Continuous Integration and Continuous Delivery (CI/CD) pipelines are the backbone of modern software development, automating the process of building, testing, and deploying applications. However, as these pipelines grow in complexity, they often become difficult to maintain, debug, and port across different execution platforms, frequently relying on verbose and platform-specific YAML configurations. Jean-Christophe Sirot, in his presentation, introduced Dagger as a revolutionary approach to CI/CD, allowing pipelines to be written as code, executable locally, testable, and portable. He explored Dagger Functions and Dagger Modules as key concepts for creating and sharing reusable, language-agnostic components for CI/CD workflows, positioning Dagger as a versatile “Swiss Army knife” for modernizing these critical pipelines.
The Pain Points of Traditional CI/CD
Jean-Christophe began by outlining the common frustrations associated with traditional CI/CD pipelines. Relying heavily on YAML or other declarative formats for defining pipelines can lead to complex, repetitive, and hard-to-read configurations, especially for intricate workflows. Debugging failures within these pipelines is often challenging, requiring pushing changes to a remote CI server and waiting for the pipeline to run. Furthermore, pipelines written for one CI platform (like GitHub Actions or GitLab CI) are often not easily transferable to another, creating vendor lock-in and hindering flexibility. This dependency on specific platforms and the difficulty in managing complex workflows manually are significant pain points for development and DevOps teams.
Dagger: CI/CD as Code
Dagger offers a fundamentally different approach by treating CI/CD pipelines as code. It allows developers to write their pipeline logic using familiar programming languages (like Go, Python, Java, or TypeScript) instead of platform-specific configuration languages. This brings the benefits of software development practices – such as code reusability, modularity, testing, and versioning – to CI/CD. Jean-Christophe explained that Dagger executes these pipelines using containers, ensuring consistency and portability across different environments. The Dagger engine runs the pipeline logic, orchestrates the necessary container operations, and manages dependencies. This allows developers to run and debug their CI/CD pipelines locally using the same code that will execute on the remote CI platform, significantly accelerating the debugging cycle.
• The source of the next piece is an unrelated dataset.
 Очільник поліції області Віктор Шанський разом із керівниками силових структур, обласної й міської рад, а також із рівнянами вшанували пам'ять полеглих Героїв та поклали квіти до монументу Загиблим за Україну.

Dagger Functions and Modules
Key to Dagger’s power are Dagger Functions and Dagger Modules. Jean-Christophe described Dagger Functions as the basic building blocks of a pipeline – functions written in a programming language that perform specific CI/CD tasks (e.g., building a Docker image, running tests, deploying an application). These functions interact with the Dagger engine to perform container operations. Dagger Modules are collections of related Dagger Functions that can be packaged and shared. Modules allow teams to create reusable components for common CI/CD patterns or specific technologies, effectively creating a library of CI/CD capabilities. For example, a team could create a “Java Build Module” containing functions for compiling Java code, running Maven or Gradle tasks, and building JAR or WAR files. These modules can be easily imported and used in different projects, promoting standardization and reducing duplication across an organization’s CI/CD workflows. Jean-Christophe demonstrated how to create and use Dagger Modules, illustrating their potential for building composable and maintainable pipelines. He highlighted that Dagger’s language independence means that modules can be written in one language (e.g., Python) and used in a pipeline defined in another (e.g., Java), fostering collaboration between teams with different language preferences.
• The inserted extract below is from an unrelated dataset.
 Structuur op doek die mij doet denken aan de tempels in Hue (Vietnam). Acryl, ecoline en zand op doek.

The Benefits: Composable, Maintainable, Portable
By adopting Dagger, teams can create CI/CD pipelines that are:
– Composable: Pipelines can be built by combining smaller, reusable Dagger Modules and Functions.
– Maintainable: Pipelines written as code are easier to read, understand, and refactor using standard development tools and practices.
– Portable: Pipelines can run on any platform that supports Dagger and containers, eliminating vendor lock-in.
– Testable: Individual Dagger Functions and modules can be unit tested, and the entire pipeline can be run and debugged locally.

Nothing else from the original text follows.